Вторым посетителем был, понятно, Семен Матвеевич Малыгин, отец человека, который, напившись до скотского вида, убил двух молодых людей. Он вошел враскачку, как и положено высокому гостю. И, как и положено мужчине, занимающему высокий пост, он не счел нужным пропустить вперед себя женщину. Секретаря Аллу, которая по привычке хотела проскользнуть впереди него. По ее слегка растерянному взгляду я догадался, что она в полном недоумении. Она не могла вспомнить ни единого случая, чтобы судья-мужчина не пропустил бы ее вперед себя...
Завтрак, как обычно, был готов без четверти восемь. У нас ровно пятнадцать минут на то, чтобы между глотками горячего кофе и уничтожением бутербродов наметить план на сегодняшний день. Она заплатит за квартиру и переговорит в своем банке о враче для Рольфа, я вечером, по приходе домой, размораживаю мясо. От каждого по уму и способностям, каждому – по потребностям.
Уже у лифта я вспомнил, что забыл сигареты. Привычка дурная, но, если не вернуться, я до обеда останусь без своих «Кэмел». Сегодня у меня приемный день, и посылать Аллу за сигаретами в киоск – моветон. Она не денщик, а сотрудница. И я вернулся, чмокнув Сашу у самых дверей лифта. Теперь мы увидим друг друга лишь вечером.
Сунув в карман пачку и зажигалку, я направился в прихожую. Как и любой человек в такой ситуации, я раздумывал над тем, что я мог позабыть еще. Эти размышления прервала резкая телефонная трель. Никто из знакомых и близких мне людей в это время звонить не станет. Им очень хорошо известно, что в эти минуты меня в квартире уже нет.
Поднять трубку? Любопытство победило. Я бросил на коридорную тумбочку сумку с делами и прошел в комнату.
– Слушаю вас.
– Антон Павлович?.. Здравствуйте. Я прошу прощение за столь ранний звонок. Это начальник ГУВД Смышляев.
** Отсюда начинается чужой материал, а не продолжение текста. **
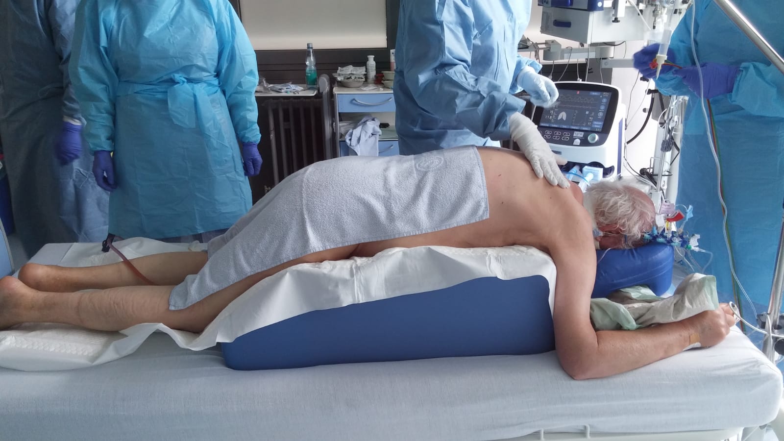 Ein ganz heikles Thema, weil die Sicherung des Tubus allerhöchste Priorität hat. Niemand möchte einen Patienten reintubieren, der 20 Stunden auf dem Bauch gelegen hat und dessen Gesicht enorm verschwollen ist.

Расплата за любопытство. Она всегда приходит тогда, когда не хочешь что-то делать, но вопреки здравому смыслу все-таки делаешь. Все идет по накатанной, давно знакомой мне колее. Я не предполагал лишь, что все папы мне начнут звонить именно домой. Вероятно, их логика позволяет сделать вывод о том, что если я разговариваю в домашней обстановке, то из «судьи Струге» преобразуюсь в «своего судью Струге». Это неверно. Но многие этого не понимают.
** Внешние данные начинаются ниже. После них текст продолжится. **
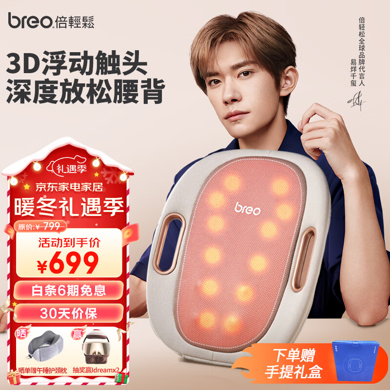 倍轻松(breo) 腰部按摩器颈椎腿部按摩仪枕头送老师爸妈长辈睡眠仪圣诞生日礼物送朋友老婆送礼【升级无线款】 金色 易烊千玺代言价格:779.00元!

– Доброе утро, Алексей Петрович. Слушаю вас внимательно.
– Тут такое дело...
– Уголовное, – подсказал я.
– Да! Я бы хотел переговорить с вами.
– Пожалуйста. У меня как раз сегодня часы приема. До шестнадцати. Позже я не могу, у меня работа.
– Антон Павлович, я бы хотел поговорить во внеслужебной обстановке. В спокойной, так сказать...
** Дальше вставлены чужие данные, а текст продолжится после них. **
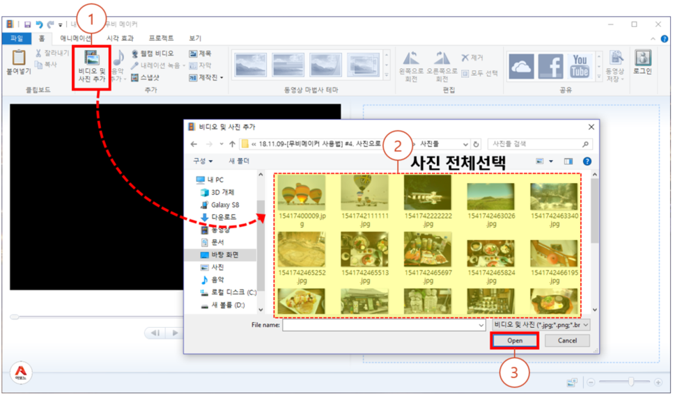 1. 상단 메뉴 "비디오 및 사진 추가" 클릭
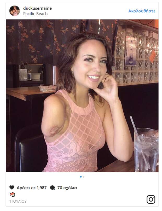 Η Λώρεν, μια 21χρονη κοπέλα από το Σαν Ντιέγκο της Καλιφόρνια, χρειάστηκε να υποβληθεί το 2016 σε εγχείρηση για την αφαίρεση του αριστερού της χεριού έπειτα από τροχαίο με μοτοποδήλατο.

– Вы полагаете, что я в кабинете корчу рожи и бью в бубен?
«Ха-ха» в трубке – это вынужденная реакция на мою реплику. Однако не только я в городе знаю, что у Алексея Петровича большая проблема с чувством юмора. Тем не менее проблема у него не только с этим. Читая документы отдельных своих подчиненных и встречая в протоколах фразы наподобие – «пнул пинком под зад» или – «трахнул поллитрой о калган», Алексей Петрович воспринимает их как естественные и подчиненных не журит. Многого стоит и его уличное интервью телевизионщикам после убийства одного из местных бизнесменов. Кто-то из столичных репортеров, кто знать Алексея Петровича в лицо вовсе не обязан, попросил Смышляева представиться. И на всю Россию-матушку Алексей Петрович, наш первый в области милиционер, выдал:
– А ты меня что, не знаешь?! Едрена мать!!
Поэтому судьи в райсудах, получая материалы о мелком хулиганстве граждан, уже не удивляются, когда подчиненные начальнику ГУВД милиционеры приносят в суд документы, в которых говорится, что «гражданин Фунтиков стоял выпимши и ссал на угол здания Биржи труда, оскорбляя тем самым человеческое достоинство».
Кое-как распрощавшись, понимая, что этот звонок Смышляева далеко не последний, я положил трубку и поспешил на работу. Интересно, а в каком таком «тихом» месте предлагал встретиться Смышляев? И не хотел ли он, как бы между прочим, судью к себе в кабинет вызвать? А что, такой случай на моей памяти есть. Один из представителей «Единства» мне так и сказал: «Ладно, это не телефонный разговор. Давайте подъезжайте ко мне, на месте и определимся». Я и определился. На месте. В соответствии с ныне действующим законодательством.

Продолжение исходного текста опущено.